IN BRIEF (Page 16)
Broadcaster slides
Premiere AG, Germany's biggest pay-television company, slumped to a nine-month low in Frankfurt trading on concern the broadcaster will pay too much for a contract to air matches from Germany's top soccer league.
Media entrepreneur Leo Kirch's Sirius agency bought the rights to market Bundesliga matches late on Tuesday, guaranteeing the clubs higher revenue.
Refiner falls short
Valero Energy Corp, the largest US refiner, had a bigger decline in third-quarter earnings than analysts expected as rising crude-oil costs and production disruptions narrowed profit margins on fuel sales.
Excluding a $91 million gain on repayment of a loan by a foreign subsidiary and the impact of a stock buyback on earnings per share, profit from continuing operations was $1.30 to $1.40 a share, San-Antonio-based Valero said yesterday in a statement.
Monsanto loss widens
Monsanto Co, the world's largest seed producer, said its fiscal fourth-quarter loss widened and 2008 earnings may rise less than analysts estimate. The shares fell the most in almost seven months.
Profit in 2008 will be $2.20 to $2.40 a share, up from $2, St. Louis-based Monsanto said yesterday in a statement. The forecast was at the low end of the average $2.40 estimate of 14 analysts surveyed by Bloomberg.
Proposal rejected
Symbion Health Ltd, Australia's biggest healthcare company, rejected a proposal from its largest shareholder to acquire medical centers and some pathology and radiology laboratories.
Primary Health Care Ltd's offer didn't include a price and was "not in the best interests of shareholders", Melbourne- based Symbion said in a statement to the Australian Stock Exchange yesterday.
Big ship ordered
Carnival Corp, the world's biggest cruise operator, ordered a 500 million-euro vessel from Italian shipbuilder Fincantieri Cantieri Navali Italiana SpA.
The 92,000-ton ship, to be called the Queen Elizabeth, will begin operations in 2010, Miami-based Carnival said yesterday in a PR Newswire statement. The ship will be run by Carnival's Cunard line, which owns the Queen Elizabeth II and the Queen Mary II.
Signal venture
Balfour Beatty Plc, the United Kingdom's biggest construction company, and Alstom SA have formed a joint venture that will specialize in the design, installation and testing of railway signals.

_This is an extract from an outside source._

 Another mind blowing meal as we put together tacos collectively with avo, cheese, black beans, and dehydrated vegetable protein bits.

The new company, Signalling Solutions Ltd, will be based in the UK and will handle contracts valued at more than 100 million euros, Paris-based Alstom said yesterday in a Business Wire statement. Each company will have a 50 percent share in the venture.
Windy investment
Iberdrola SA may invest 1 billion euros to build wind parks in southern Russia, newspaper El Economista said, citing the local government of the city of Krasnodar.

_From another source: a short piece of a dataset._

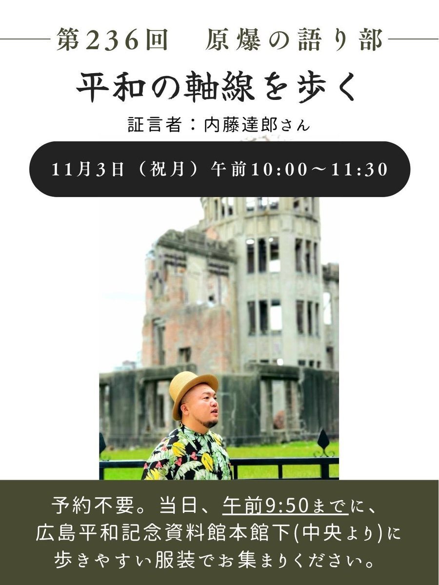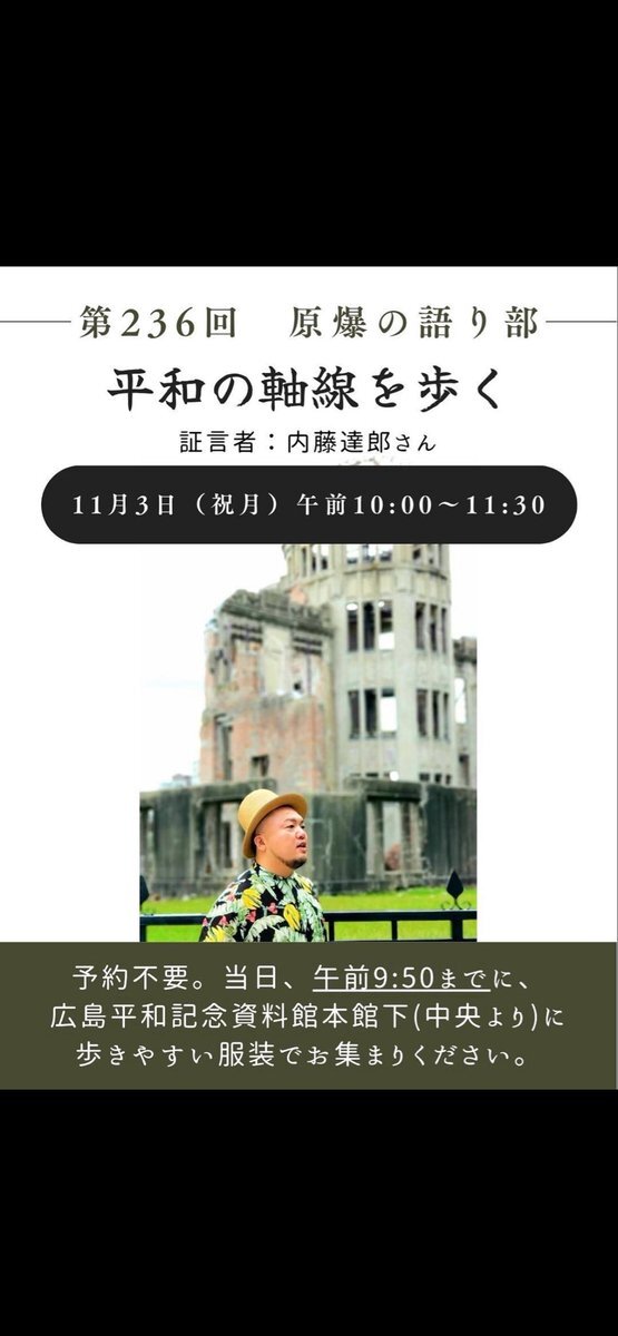 今月の原爆の語り部は、 11月3日(祝・月)に平和公園のフィールドワークを行います。 ご参加お待ちしてます😊 #原爆の語り部 #冨恵洋次郎 #HIPPY

Iberdrola may build wind parks with an installed capacity of 1,000 megawatts by 2011 with a local partner, the newspaper said. Iberdrola, based in Bilbao, is the world's largest owner of plants to produce electricity from wind.
Sales rise
Experian Group Ltd, the Dublin-based provider of credit information on more than 300 million people worldwide, said first-half sales rose 17 percent after making acquisitions in Brazil.
Sales for Latin America for the six months ended Sept. 30 rose to $102 million from $2 million last year, Experian said yesterday in a statement distributed by the Regulatory News Service. The company didn't provide figures for total sales.